REQUIRED ACTION: Reproduce the records below in full and exactly, without their images.

TASK MATERIAL:

____

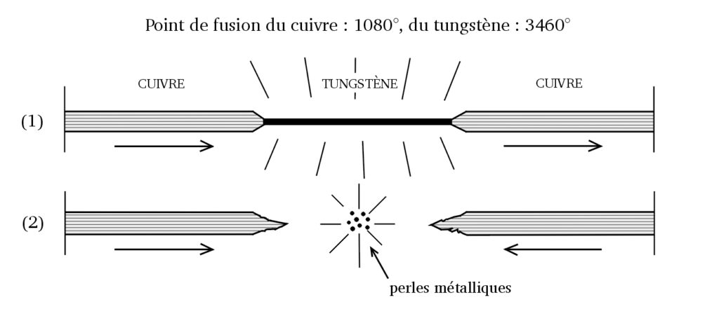 (29) On voit aussi sur la première figure que les électrons cheminent dans le même sens. Supposons alors que l’on retire le filament et que l’on mette ensuite en contact les deux conducteurs. Cette fois, il se produira un grand échauffement (un éclair) qui fera fondre l’extrémité des deux brins conducteurs. La deuxième figure montre cela et que le courant des deux brins se dirige vers le point de contact en provoquant un éclair, mais aussi la formation de petites perles de ferronickel…
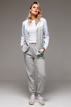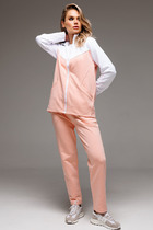 Костюм женский из плотного гладкокрашеного трикотажного полотна "кулирка", состоящий из футболки и шорт. Футболка - свободного покроя, с удлиненными плечевым и швами, короткими втачными рукавами и горловиной овальной формы, обработанной втачной планкой. В нижней части переда слева настрочен декоративный элемент прямоугольной формы. По горловине проложена отделочная строчка. Шорты - классического покроя, на притачном поясе с эластичной тесьмой внутри и карманами в боковых швах. Для регулирования степени прилегания шорт по талии в пояс вставлен шнурок, продетый через два отверстия в соединительных швах в центре пояса.
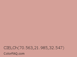 CIELCh 70.563,21.985,32.547 Color is a light red color and the nearest color is Eunry #cfa39d. Hex code #d5a098 and RGB value is rgb(213,160,152). In RGB color space, this color is composed of 84% red, 63% green, 60% blue, In CMYK color space, this color is composed of 0% cyan, 25% magenta, 29% yellow , 16% black , In HSL color space, this color has a hue angle of 8° , 42% saturation and 72% lightness.
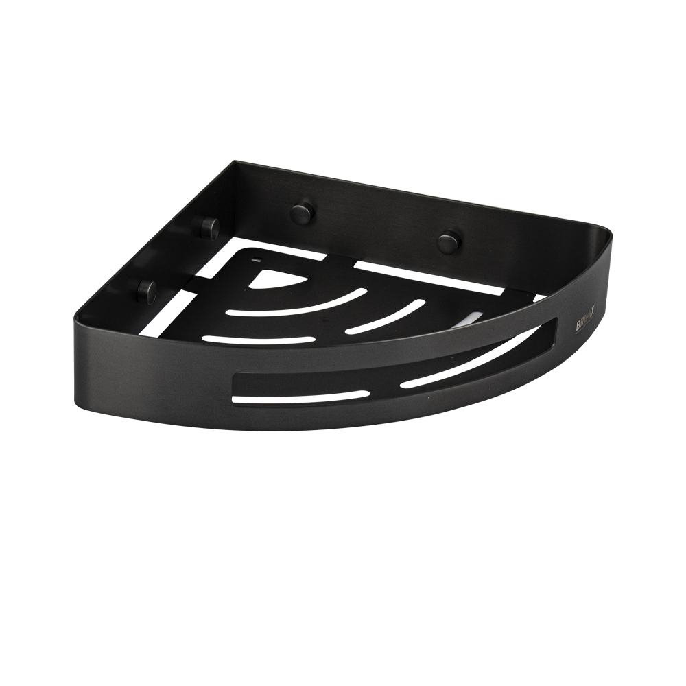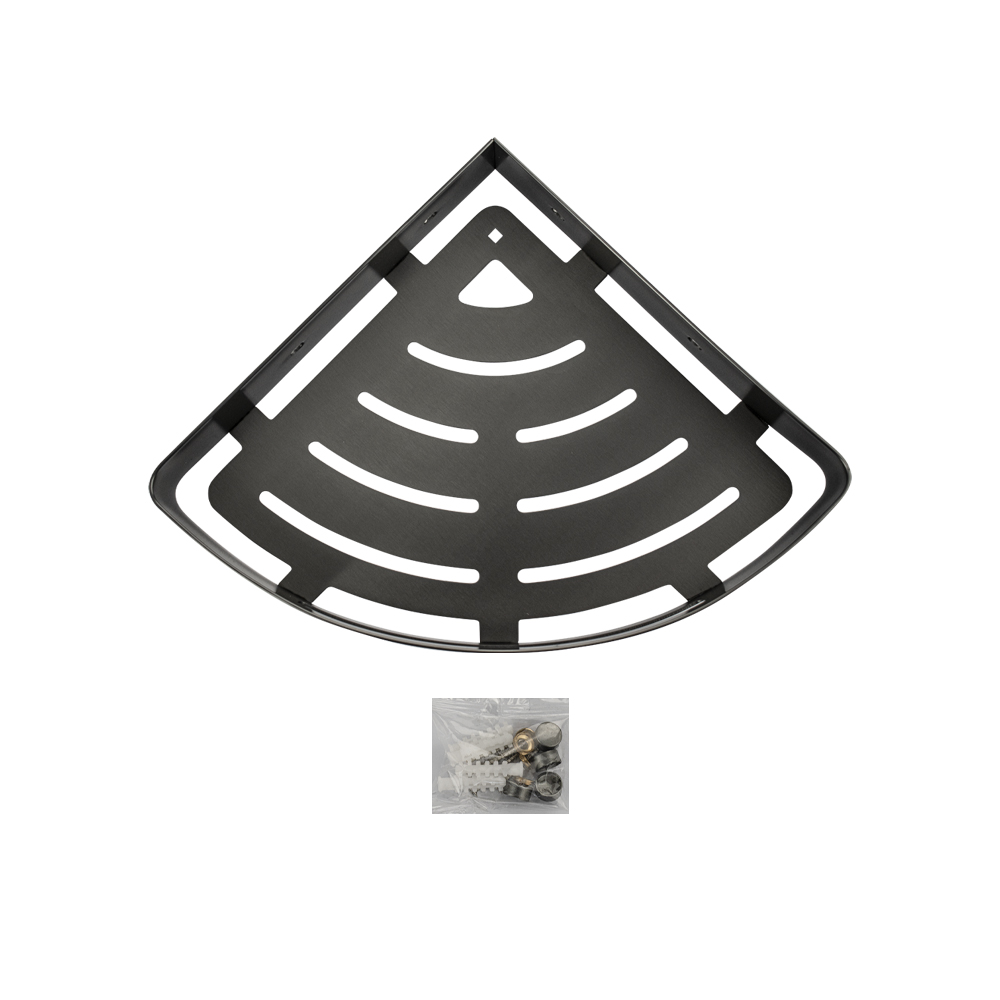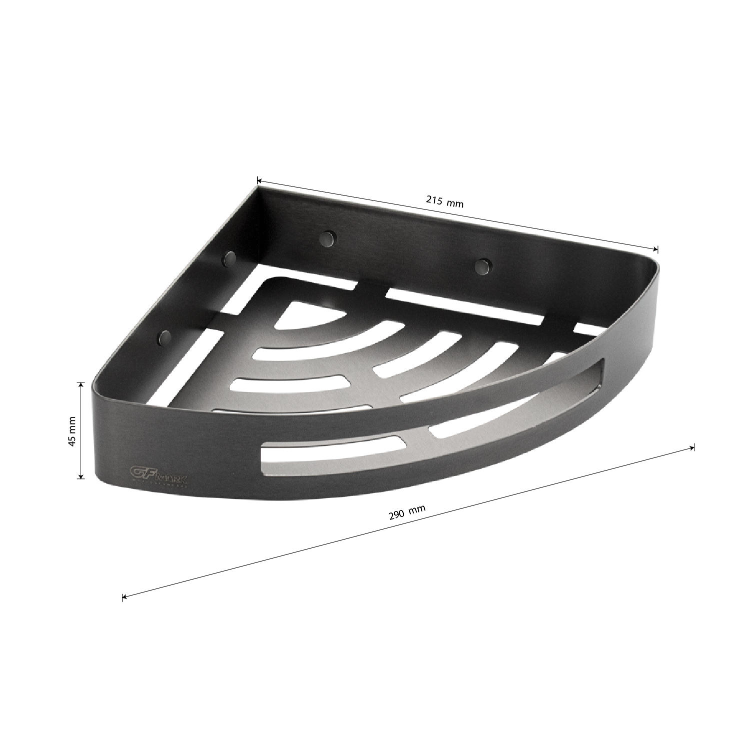 Полочка для принадлежностей треугольная, угловая, закруглённая, с литым дном одноэтажная, обладает высокими эксплуатационными характеристиками и подходит для использования дома, в общественных местах: отелях, ресторанах и пр. Изготовлена из прочной нержавеющей стали с графитовым матовым покрытием, которое придает безупречный вид и долговечность. Аксессуар не занимает много места, надежно фиксируется к стене при помощи набора креплений (входят в комплект) и служит удобным местом для хранения бытовых и косметических средств. Габаритные размеры: длина стороны 215 мм, высота 45 мм, ширина 290 мм. Вес - 0,700 кг, объём - 0,00500 м3
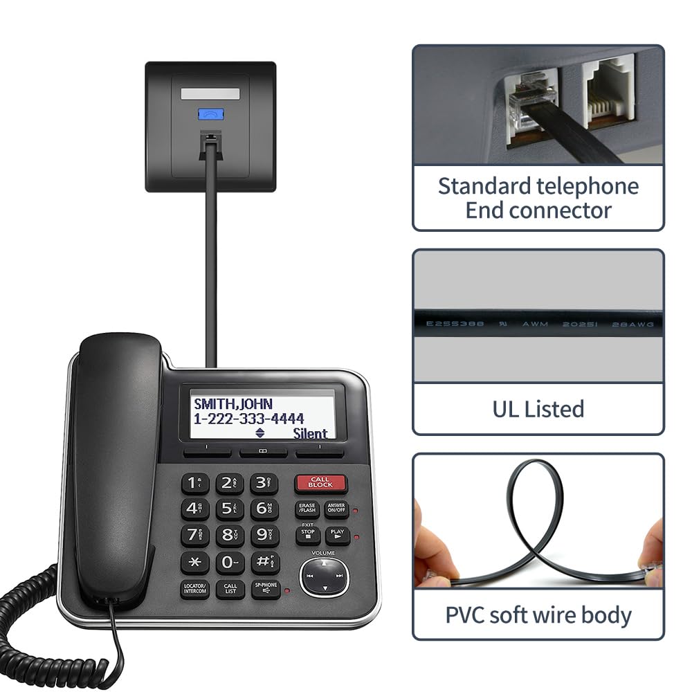 Xanham Rj12 Cable 6 Feet Telephone Line Cord With 6P6C Connector Landline Phone Wire For Both In Wall And Out Wall Using, Black,
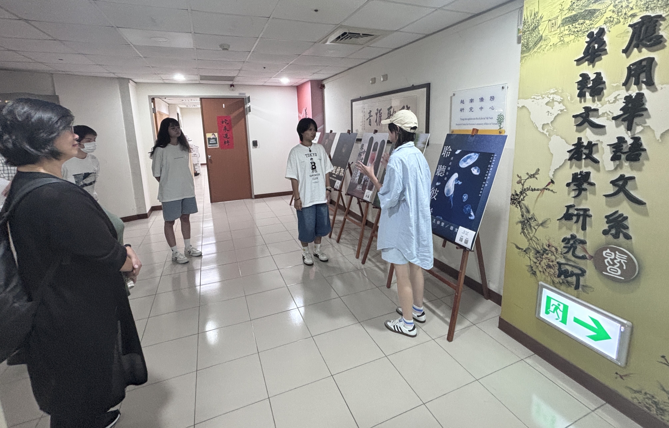 戴金惠教授(左一)參觀應華系「畢業專題封面大賞」,聆聽學生分享研究成果與創作理念。 |
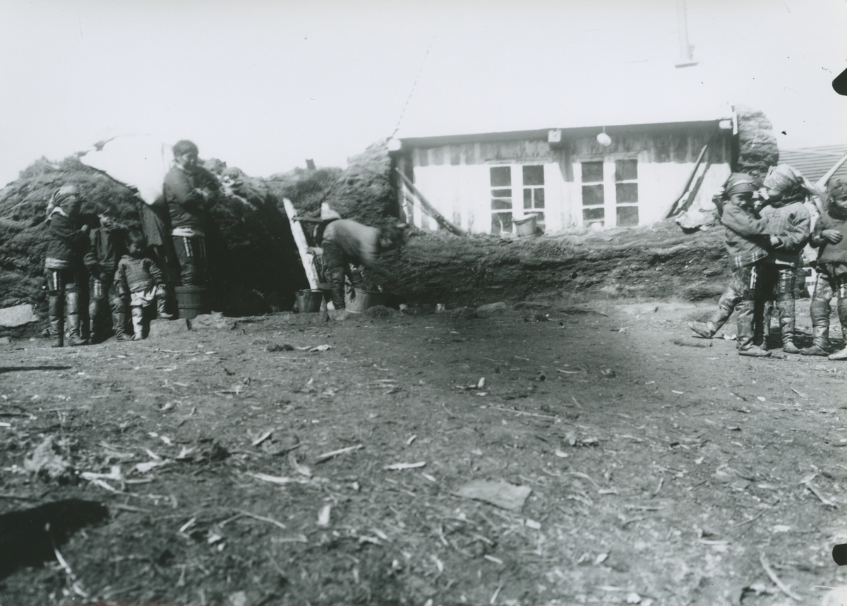 Fotografi från expedition till Grönland. Motiv av ett antal personer som står framför ett litet hus.
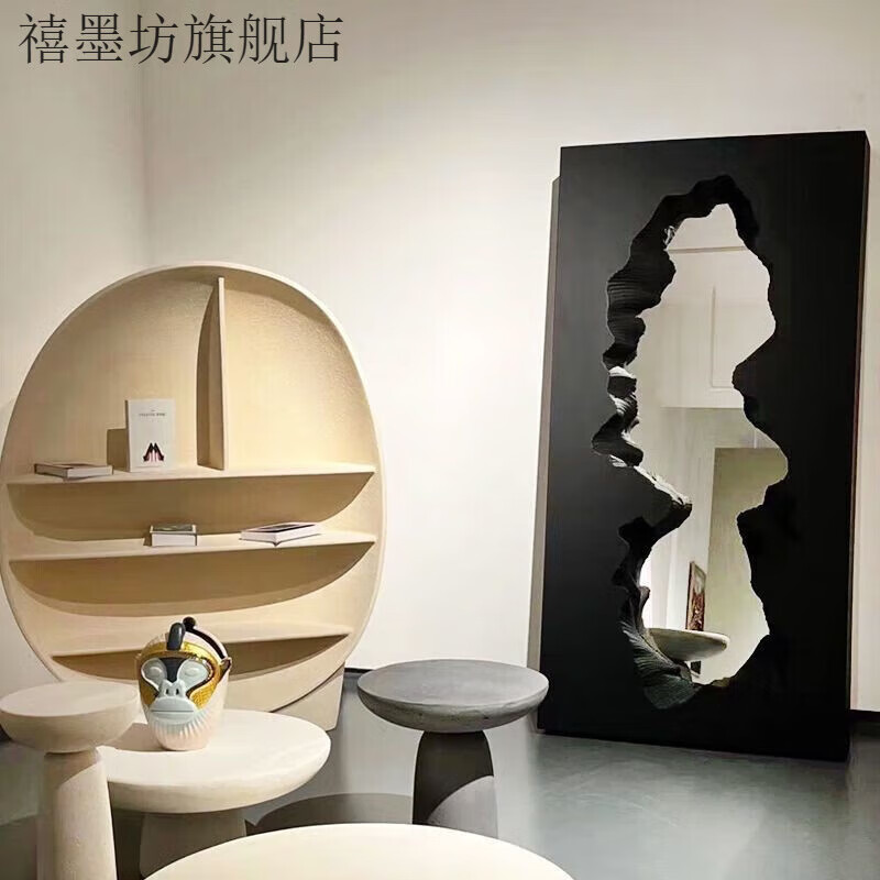 禧墨坊北欧网红立式破碎镜子玻璃钢异形穿衣镜设计师不规则全身镜墙上镜 75*180(黑色) 其他
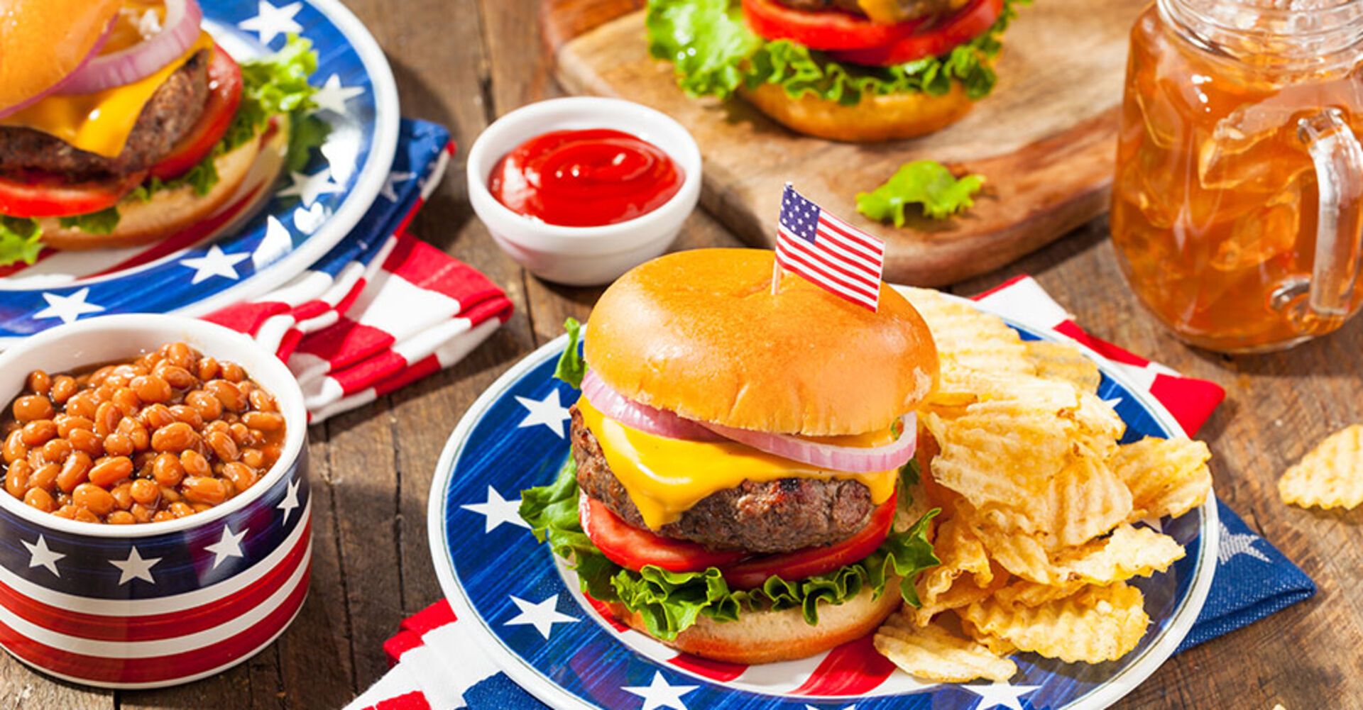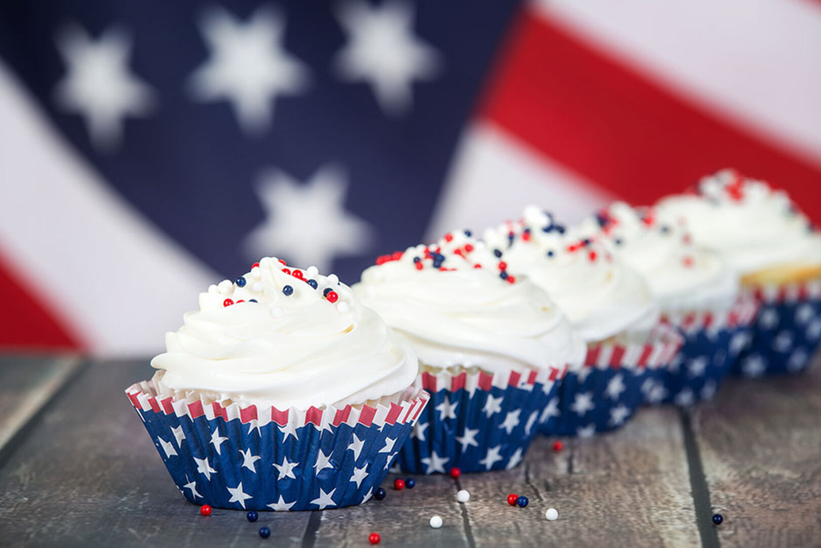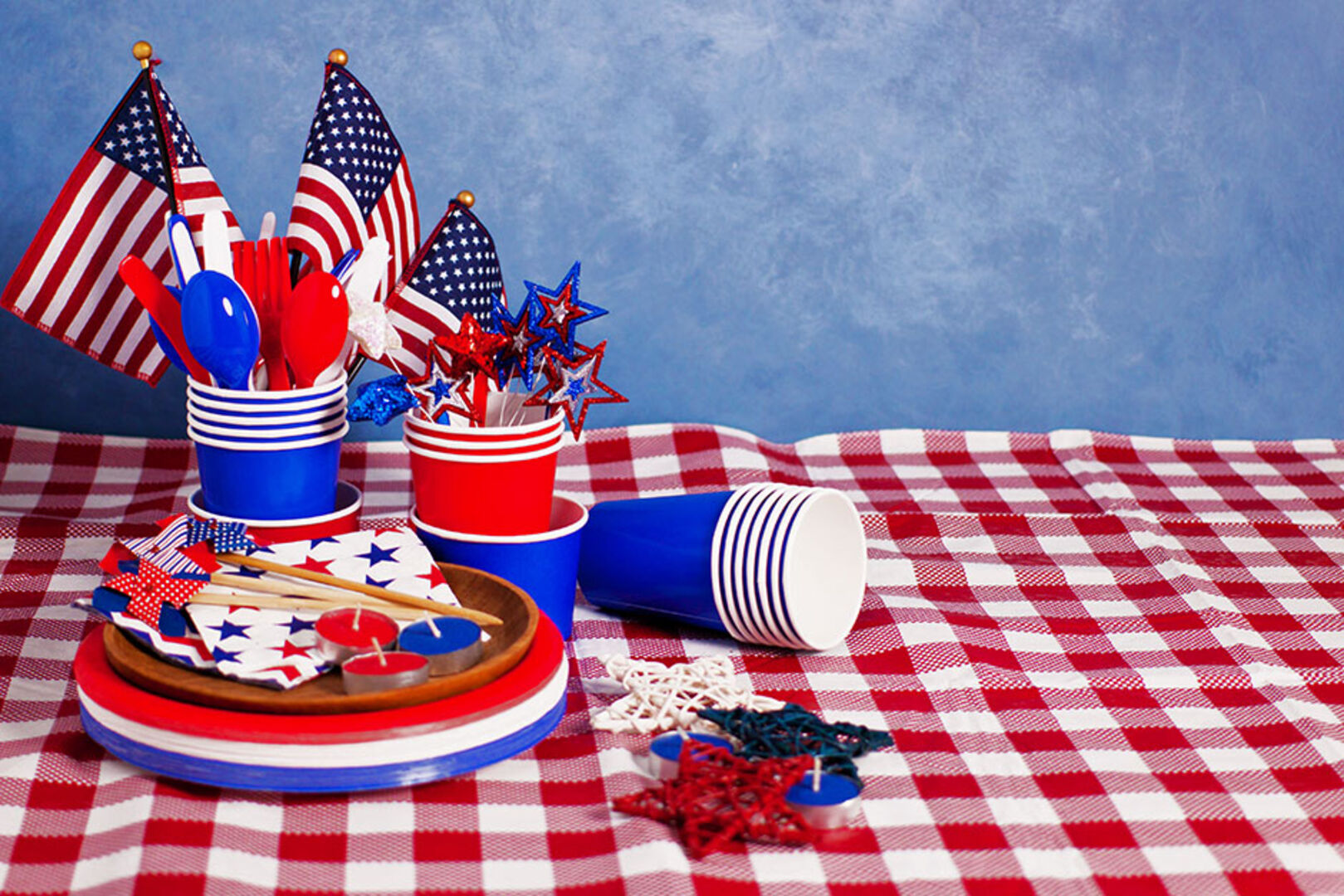 Rot, Blau, Weiß: Fähnchen-Zahnstocher für das Büffet, Servietten, Geschirr, Konfetti oder Papierschlagen in den Landesfarben der USA für alle, die aus der Übertragung des Super Bowl ein richtiges Fest machen wollen.

____

WRITTEN SOLUTION:
 (29) On voit aussi sur la première figure que les électrons cheminent dans le même sens. Supposons alors que l’on retire le filament et que l’on mette ensuite en contact les deux conducteurs. Cette fois, il se produira un grand échauffement (un éclair) qui fera fondre l’extrémité des deux brins conducteurs. La deuxième figure montre cela et que le courant des deux brins se dirige vers le point de contact en provoquant un éclair, mais aussi la formation de petites perles de ferronickel…
 Костюм женский из плотного гладкокрашеного трикотажного полотна "кулирка", состоящий из футболки и шорт. Футболка - свободного покроя, с удлиненными плечевым и швами, короткими втачными рукавами и горловиной овальной формы, обработанной втачной планкой. В нижней части переда слева настрочен декоративный элемент прямоугольной формы. По горловине проложена отделочная строчка. Шорты - классического покроя, на притачном поясе с эластичной тесьмой внутри и карманами в боковых швах. Для регулирования степени прилегания шорт по талии в пояс вставлен шнурок, продетый через два отверстия в соединительных швах в центре пояса.
 CIELCh 70.563,21.985,32.547 Color is a light red color and the nearest color is Eunry #cfa39d. Hex code #d5a098 and RGB value is rgb(213,160,152). In RGB color space, this color is composed of 84% red, 63% green, 60% blue, In CMYK color space, this color is composed of 0% cyan, 25% magenta, 29% yellow , 16% black , In HSL color space, this color has a hue angle of 8° , 42% saturation and 72% lightness.
 Полочка для принадлежностей треугольная, угловая, закруглённая, с литым дном одноэтажная, обладает высокими эксплуатационными характеристиками и подходит для использования дома, в общественных местах: отелях, ресторанах и пр. Изготовлена из прочной нержавеющей стали с графитовым матовым покрытием, которое придает безупречный вид и долговечность. Аксессуар не занимает много места, надежно фиксируется к стене при помощи набора креплений (входят в комплект) и служит удобным местом для хранения бытовых и косметических средств. Габаритные размеры: длина стороны 215 мм, высота 45 мм, ширина 290 мм. Вес - 0,700 кг, объём - 0,00500 м3
 Xanham Rj12 Cable 6 Feet Telephone Line Cord With 6P6C Connector Landline Phone Wire For Both In Wall And Out Wall Using, Black,
 戴金惠教授(左一)參觀應華系「畢業專題封面大賞」,聆聽學生分享研究成果與創作理念。 |
 Fotografi från expedition till Grönland. Motiv av ett antal personer som står framför ett litet hus.
 禧墨坊北欧网红立式破碎镜子玻璃钢异形穿衣镜设计师不规则全身镜墙上镜 75*180(黑色) 其他
 Rot, Blau, Weiß: Fähnchen-Zahnstocher für das Büffet, Servietten, Geschirr, Konfetti oder Papierschlagen in den Landesfarben der USA für alle, die aus der Übertragung des Super Bowl ein richtiges Fest machen wollen.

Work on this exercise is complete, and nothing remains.